» Exercise data
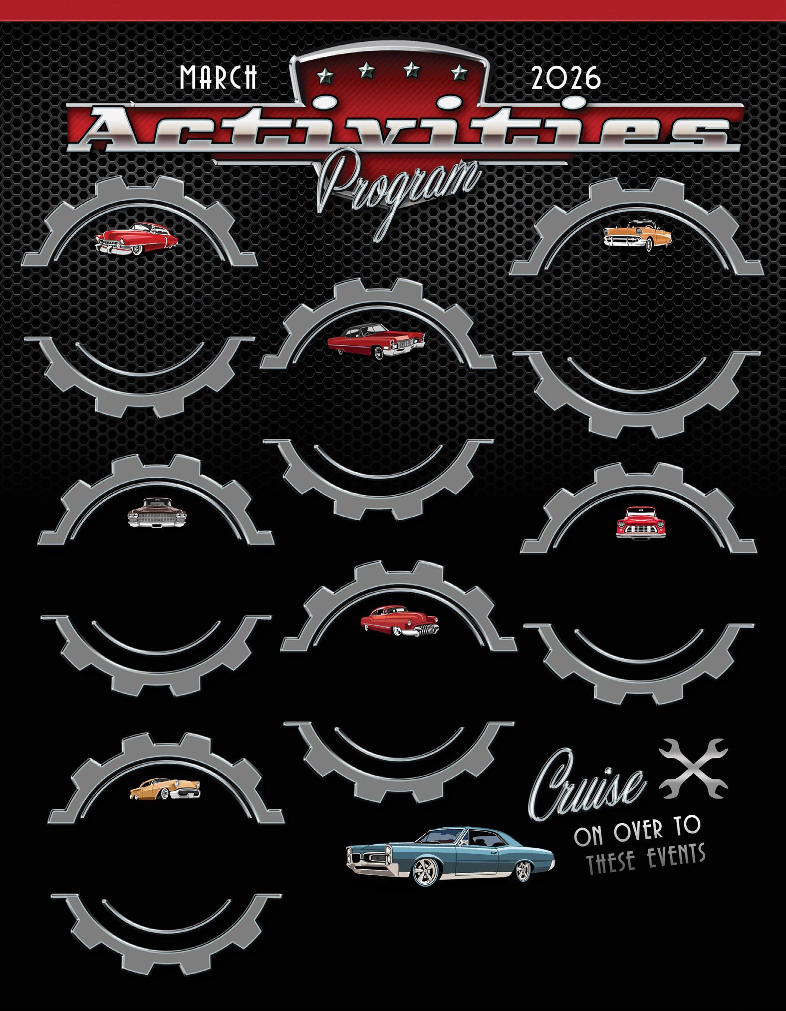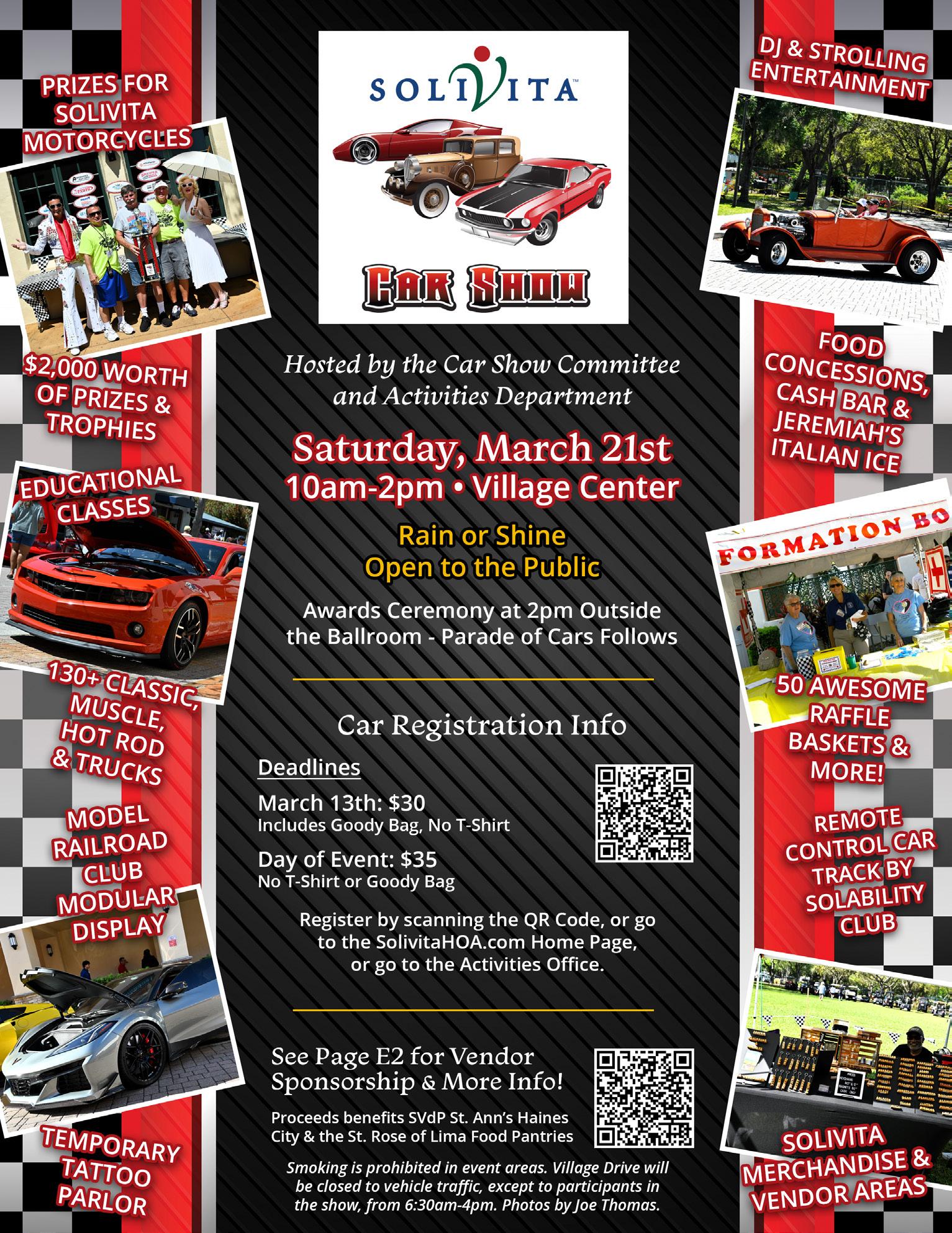 Saturday, March 21st: Solivita Car Show - Event 10am3pm. VILLAGE DRIVE FROM THE BALLROOM TO THE PRO SHOP ROUNDABOUT IS CLOSED TO VEHICLES FROM 6:30AM-4PM, EXCEPT TO CAR SHOW PARTICIPANTS. See page E2 for event information.
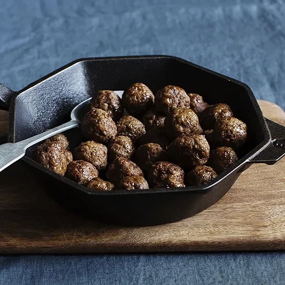 Veganska köttbullar med gräddsås och hasselbackspotatis
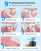 9 نازل و 5 حالت، گزینه های تمیز کردن همه کاره: مجهز به 9 نازل در رنگ های مختلف و با 5 حالت فشار از ملایم تا قدرتمند، انتخاب دندانپزشکی آب ما مراقبت جامع از دهان را برای کل خانواده تضمین می کند. طراحی چرخشی 360 درجه به طور موثر مناطقی را که دسترسی به آن ها سخت است تمیز می کند و از مشکلاتی مانند پوسیدگی، تارتار، خونریزی لثه و حساسیت دندان جلوگیری می کند. یک هدیه فوق العاده برای تولد، کریسمس، روز شکرگزاری یا مراقبت از سلامت دهان و دندان یکی از عزیزان
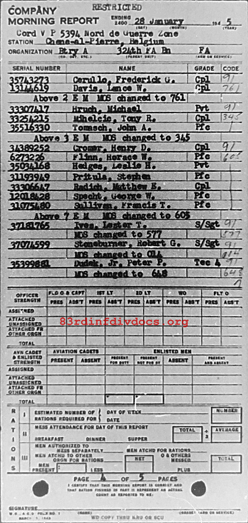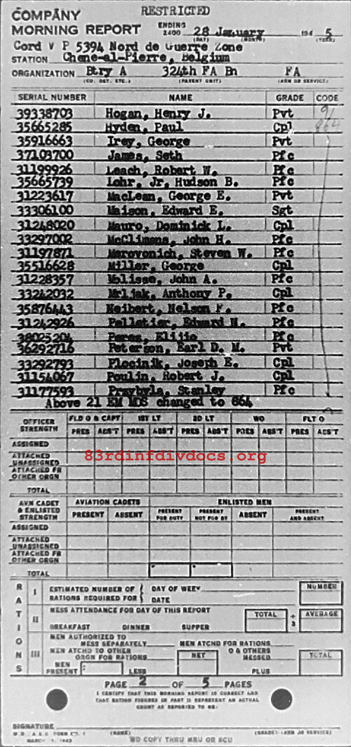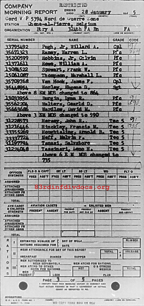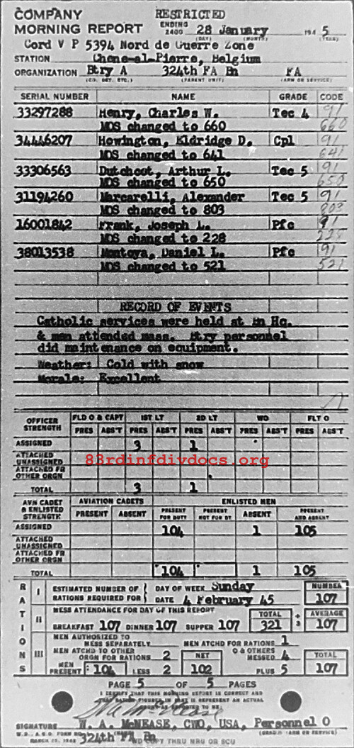 Morning report A/324FA for January 28, 1945

» Aim of the task
Apart from the pictures, all of the data must be duplicated exactly as shown above.

» Worked solution
 Saturday, March 21st: Solivita Car Show - Event 10am3pm. VILLAGE DRIVE FROM THE BALLROOM TO THE PRO SHOP ROUNDABOUT IS CLOSED TO VEHICLES FROM 6:30AM-4PM, EXCEPT TO CAR SHOW PARTICIPANTS. See page E2 for event information.
 Veganska köttbullar med gräddsås och hasselbackspotatis
 9 نازل و 5 حالت، گزینه های تمیز کردن همه کاره: مجهز به 9 نازل در رنگ های مختلف و با 5 حالت فشار از ملایم تا قدرتمند، انتخاب دندانپزشکی آب ما مراقبت جامع از دهان را برای کل خانواده تضمین می کند. طراحی چرخشی 360 درجه به طور موثر مناطقی را که دسترسی به آن ها سخت است تمیز می کند و از مشکلاتی مانند پوسیدگی، تارتار، خونریزی لثه و حساسیت دندان جلوگیری می کند. یک هدیه فوق العاده برای تولد، کریسمس، روز شکرگزاری یا مراقبت از سلامت دهان و دندان یکی از عزیزان
 Morning report A/324FA for January 28, 1945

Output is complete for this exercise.